How did these ideas affect the young FDR? He deplored visceral prejudice, and he expressed interest in Japanese culture and became friendly with a number of Japanese. Nevertheless, he regarded the Japanese as a danger. In 1913, shortly after Roosevelt was named Assistant Secretary of the Navy in the government of Woodrow Wilson, the protests of California whites against Japanese immigrant farmers led to the Alien Land Act, as I mentioned, which forbade these immigrants property rights. The passage of the law set off vigorous protests within Japan, and when an extreme nationalist called for a blockade of America in return, Roosevelt had drawn up a plan for naval war between Japan and the United States and recommended the massing of the Pacific fleet in preparation for such a war. Although the immediate crisis abated following some careful diplomacy, in the years that followed, even as the United States moved closer to involvement in World War I, he continued to call for the arming of the Pacific fleet for war against Japan, which he considered the most dangerous foreign threat. The greatest lesson he took from the incident was that Japanese Americans were a source of trouble—friction with their neighbors and aggression by Japan.
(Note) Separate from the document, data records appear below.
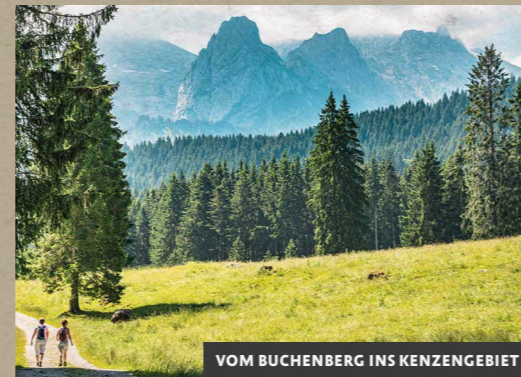
VOM BUCHENBERG INS KENZENGEBIET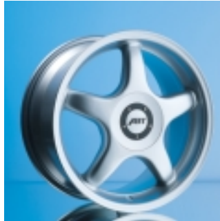
Abt Sportfelge A11 8 x 17 ET 35, einteilig, gegossen.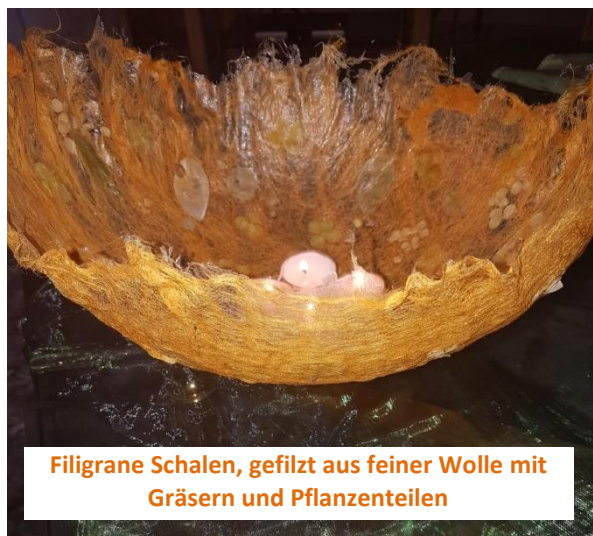
Filigrane Schalen, gefilzt aus feiner Wolle mit Gräsern und Pflanzenteilen

Das sind: Schreibwaren Meyerhofer, Bäckerei Goldjunge, Metzgerei Wehy, Optik Winkler, Christophorus- Apotheke, Frisör Rolf, Blumen-Winkler, Mory Haustechnik, Raiffeisenbank, Metzgerei Drexler Wolkersdorf und Schnapsbrennerei Scheuerpflug in Dietersdorf.

 Even when FDR’s attitude towards Japan began to change, following the end of the First World War, his opinions about Japanese Americans remained constant. In 1922-1923 FDR was invited by his old friend George Marvin to write an article for Asia magazine about Japanese-American relations. It was a time of international tension, following the Washington Naval Conference. Roosevelt feared that a resurgence of militarism would set off a futile and costly war between Japan and the United State, and he decided to write in opposition. By March 1923 he had produced the first draft of a text called “The Japs – A Habit of Mind.”  After Marvin made some minor stylistic changes and inserted some additional factual material, the piece appeared under the title “Shall We Trust Japan?”  in the July 1923 issue of Asia.
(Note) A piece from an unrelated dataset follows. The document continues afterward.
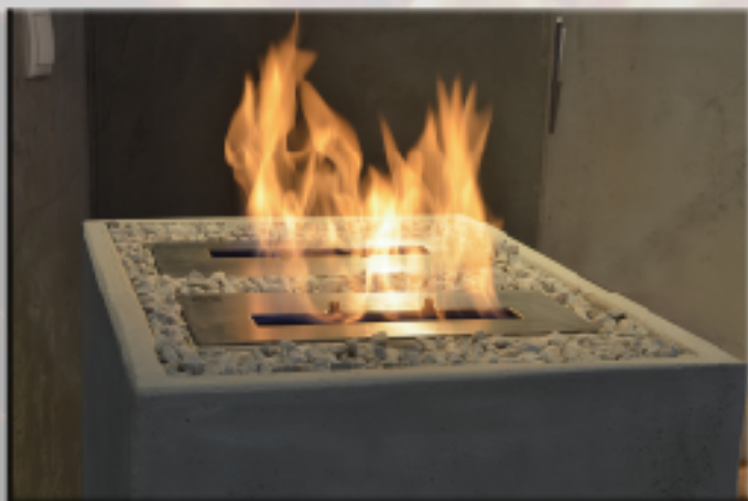
Sicherheits-Brennkammern nach TÜV-Norm 4737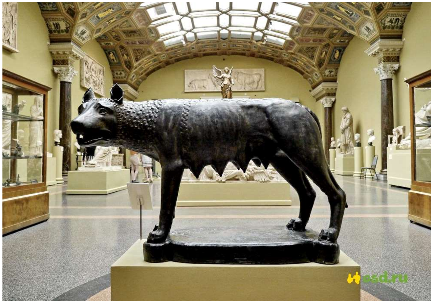
Капитолийская волчица . Вторая четверть V в. до н.э. Бронза

Этруски славились обработкой металлов – железа и особенно бронзы. Самые ранние скульптурные памятники, сохранившиеся на территории Рима, – произведения этруских литейщиков.

“Shall We Trust Japan?” was designed as a plea for a “pacific attitude” in the Pacific and for an end to the instinctive hostility most Americans felt for Japan. Roosevelt’s principal argument was that, even assuming that it had been “natural” in the past for Japan and the United States to consider each other as “the most probable enemy” and to plan for war against the other, the new era crystallized by the Washington Naval Conference made such thought obsolete. FDR expressed confidence that, once the “yellow peril” fears of Japan were eliminated, the two countries could resolve peacefully the underlying causes of Japanese American friction.
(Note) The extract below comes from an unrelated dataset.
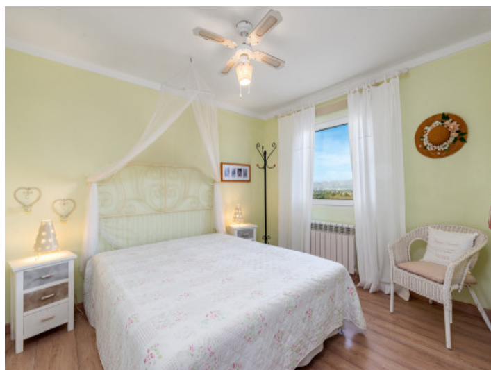
Schlafzimmer mit Heizung

Roosevelt confessed that the principal cause of such friction, which had to be eliminated, was the presence of Japanese immigrants and their children in the United States. FDR brought up this vital question with reluctance, because, as he said, it was so difficult to discuss without sparking “unreasoning passions on one side or both.” Nevertheless, while he conceded that the Japanese, as well as other groups such as the Chinese, Filipinos, and Indians, were “ a race…of acknowledged dignity and integrity,” they nonetheless had to be excluded on racial grounds from the United States

So far as Americans are concerned, it must be admitted that, as a whole, they honestly believe—and in this belief they are at one with the people of Canada and Australasia—that the mingling of white with oriental blood on an extensive scale is harmful to our future citizenship…As a corollary of this conviction, Americans object to the holding of large amounts of real property, of land, by aliens or those descended from mixed marriages. Frankly, they do not want non-assimilable immigrants as citizens, nor do they desire any extensive proprietorship of land without citizenship.

The assertion that Americans (whom Roosevelt clearly assumed were white) “honestly” believed that they had to combat mixed marriages through discriminatory legislation and that people of “oriental blood” were inherently and ipso facto unassimilable, constituted an undeniable rationalization of white prejudice both towards Japanese immigrants and towards their native-born children in the United States. Roosevelt continued that immigration restriction, whether by laws or by the Gentleman’s Agreement, was morally justified because it was reciprocal :

The reverse of the position thus taken holds equally true. In other words, I do not believe that the Americans people now or in the future will insist on the right or privilege of entry into an oriental country to such an extent as to threaten racial purity or to jeopardize the land-owning privileges of citizenship. I think I may sincerely claim for American public opinion an adherence to the Golden Rule.

Even ignoring the fact that white Americans never in fact obeyed the “golden rule”—the United States held colonies in Asia and American investors enjoyed extensive property rights and extraterritoriality in Asia—Japan was not a nation of immigrants, and there never were any large groups of Americans who wished to emigrate there. Although Japan limited immigration, it never singled out Americans or whites for exclusion on a racial basis.

In any case, Roosevelt’s assertion that discriminatory laws had been passed in order to preserve “racial purity” was illogical. White-Asian intermarriage was statistically insignificant on the West Coast, where such laws existed, and in any case laws banning the practice had existed long before passage of the Alien Land Act, so it could not have been passed to prevent the threat of mass intermarriage. Instead, as Roosevelt well knew, such laws were passed to reduce economic competition Japanese immigrant farmers and landowners and to stigmatize them as undesirable. 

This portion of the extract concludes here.